Some of the comments seem to misunderstand or neglect the existing curating comments. For example this one

Doesn't look that puzzling!

seems to be a reaction to the name of the test. However, the curating comment hints on puzzling being the fact that with the used settings it was called in the proband only, even though it is invisible in the parents. Therefore it was falsely marked as a de novo variant in subsequent analysis, which was the problem: either it should be called in all samples (with low quality), or not at all. Note that the test is marked as "FIXME", meaning the test case is intended to highlight a problem that must be addressed in future revisions of the caller.

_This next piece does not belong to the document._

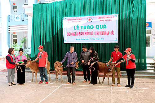 Theo đó, đoàn đã trao tặng 15 con bò giống (khoảng 13,5 triệu đồng/con) cho những hộ gia đình bị thiệt hại do mưa bão ở xã Mường Khiêng, huyện Thuận Châu, tỉnh Sơn La), giúp người dân nơi đây có điều kiện chăn nuôi làm kinh tế, vượt qua khó khăn. Cùng ngày, đoàn đã đến thăm Trường THCS Mường Khiêng (xã Mường Khiêng, huyện Thuận Châu, tỉnh Sơn La) trao tặng 1 bồn chứa nước sinh hoạt và chăn, màn, bánh kẹo cho 300 học sinh. Tổng kinh phí cứu trợ tại tỉnh Sơn La là 235 triệu đồng.

FIXME: an insertion is called in one sample only and insert reads in other samples are invisible because accompanying mismatches are too rare to make it into the consensus

Thank you for the effort you put into this but, alas, it is not useful as is. I'll keep it open for future reference.

jkbonfield commented 5 months ago

I hadn't realised there were curated and non-curated tests. Maybe this ought to be automatically tagged in the output rather than just failing because something differs.

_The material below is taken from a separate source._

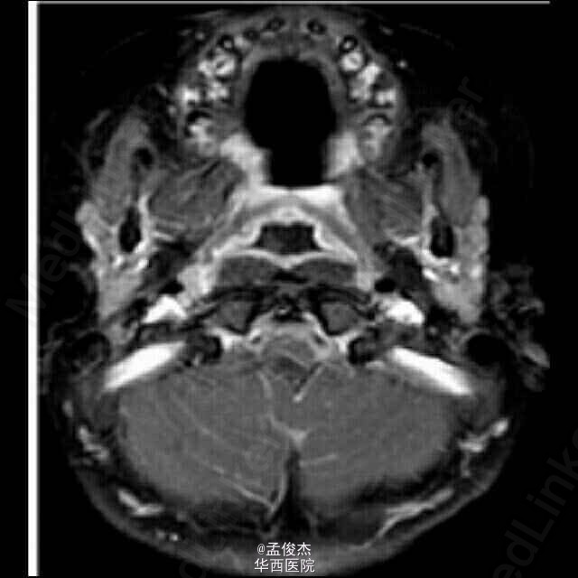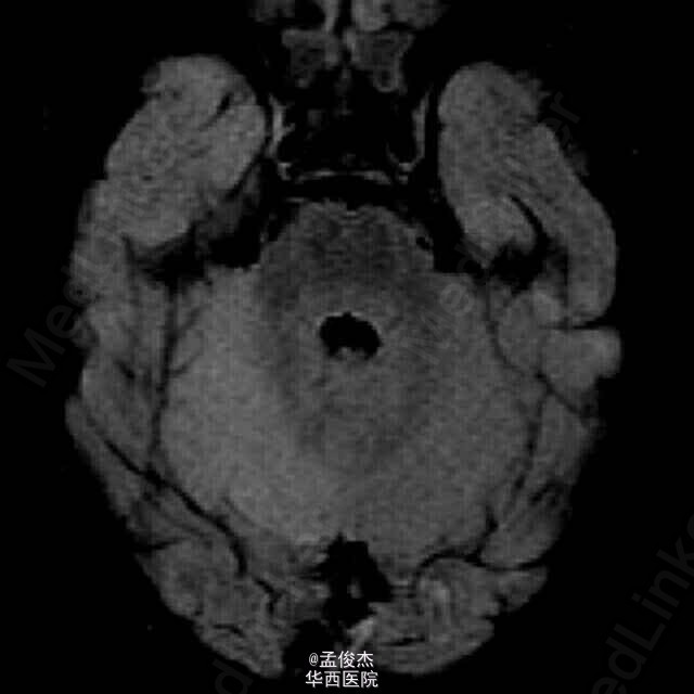 患儿女,33个月大,发热3天,体温最高102°F,伴有心动过速,130次/分。阵发性癫痫一天,伴有尖叫,双手紧握,双眼上翻,症状持续几秒到一分钟,仅在睡眠中发生。患儿在睡眠中易醒,既往有轻度哮喘。查体,黏膜干燥,余者无明显异常,血常规电解质水平检查无异常,血气分析示碳酸氢盐12 mmol/L,血糖69 mg/dL,尿中有大量酮体;脑脊液检查显示每立方毫米2个白细胞,1040个红细胞。头颅CT无明显异常,腹部超声无明显异常。 予总量为40 mL/kg 的生理盐水治疗心动过速,患儿心率恢复正常。使用万古霉素,头孢曲松钠治疗可能存在的败血症。 住院期间患者的癫痫持续发作,逐渐发展为吞咽困难,无法说话和右侧肢体无力。血尿脑脊液培养结果为阴性,停止输入抗生素。脑电图无异常。MRI示小脑右半球T2信号增高提示小脑水肿。碳酸氢盐升高至18 mmol/L,尿液中持续存在大量酮体。酮硫解酶 基因检测正常。CT检查示回肠末端的不规则增厚,管状软组织突出入盲肠。病毒PCR示患儿H1N1感染。 最终诊断为病毒性脑炎。患儿接受奥司他韦治疗后,明显好转,若干月后出院。 病毒相关脑炎与甲型流感关系最为密切,常见于5岁儿童。感染一周后出现症状,死亡率为37%。流感病毒导致的脑损伤并不经常表现为脑炎而是表现为代谢障碍,酮体增加,小脑水肿。

Also, for the non-curated ones that came from a known truth set (such as SynDip), we'd be best simply trusting the truth set is correct rather than populating the initial variant from an old copy of bcftools which works against us when evaluating improvements.

jkbonfield commented 5 months ago

Doesn't look that puzzling!

seems to be a reaction to the name of the test. However, the curating comment hints on puzzling being the fact that with the used settings it was called in the proband only, even though it is invisible in the parents. Therefore it was falsely marked as a de novo variant in subsequent analysis, which was the problem: either it should be called in all samples (with low quality), or not at all. Note that the test is marked as "FIXME", meaning the test case is intended to highlight a problem that must be addressed in future revisions of the caller.

I think the issue here is the nature of the data. I see what you're saying, but it's not how I view this problem.

I went through and counted the variant depth. Quoting from above:

       REF    ALT   ALT%
rg0    80     27    25
rg1    83     15    15
rg2   136      9     6

So we see that combined depth is varying a lot, from 98 to 145, and the allele frequency as a percentage is also highly variable. It's easy to see why naively it's called in rg0 and not in rg2 (or indeed apparently rg1, but it's marginal). However this has nothing to do with the trio nature of the samples which I feel is possibly barking up the wrong tree.

The assertion that it should be consistent is an implication that the offspring should just be a sampling from both parents in equal proportion. However that's only true is randomness doesn't skew things either way or, more importantly, the variation is actually real. I strongly suspect in this case it's down to a contamination, and the high depth rg2 therefore has a lower proportion of contaminant alignments. As such this isn't a puzzling trio, but a test for contamination screening. Trying to fix detection of novel variants is best done by ways of downgrading suspect alignments or through phasing analysis.

However I don't know for sure as I've no idea where this data came from and what the real evidence is. It just has that feel about it.